Thank you.  So it seems that the problem does not trigger in Spec but I
was also wondering if our current predict.def values are anywhere near
to reality.

THe table reads as follows:  
 - BRANCHES is number of branches the heuristics hit on (so extra loop
   exit has 80 and therefore we do not have that good statistics on it)
 - HITRATE is the probability that the prediction goes given direction
   during the train run.
   after / is the value which would be reached by perfect predictor
   (which predict branch to the direction that dominates during train)
   Extra loop exit is 81% out of 89% so it is pretty close to optimum
 - COVERAGE is how many times the predicted branch was executed

In general the idea is that for most heuristics (wihch can not determine
exact value like loop iteraitons) HITRATE values can be put to
predict.def so the Dempster-Shafer formula (DS theory) combines the
hypothesis sort of realistically (it assumes that all the predictors are
staistically independent which they are not).

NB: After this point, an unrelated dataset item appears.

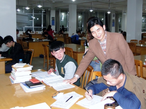 在厚德楼,魏书记分别走进旅游学院、信息学院正在进行晚点名的教室,了解晚点名的组织情况、考勤情况、工作内容、工作时长等。在逸夫图书馆,魏书记来到书库阅览区、自修室,查看学生的自修情况,并了解图书馆的日常管理和同学们对图书馆的使用情况。

We have HITRATE 67 for extra loop exit which is bit off what we do have
in the measured data, but I think our predict.def is still based on
spec2006 numbers.

So the patch is OK.  Perhaps we could experiment with updating
predict.def (It does develop even when run across same benchmark suite
since early optimizations change - this stage1 I think the threading
work definitly affects the situation substantially)

Honza
> 
> Loop count: 38058
>   avg. # of iter: 8403.32
>   median # of iter: 7.00
>   avg. (1% cutoff) # of iter: 173.72
>   avg. (5% cutoff) # of iter: 54.90
>   avg. (10% cutoff) # of iter: 35.20
>   avg. (20% cutoff) # of iter: 26.35
>   avg. (30% cutoff) # of iter: 21.87
> 
> 
> -- 
> Thanks,
> Xionghu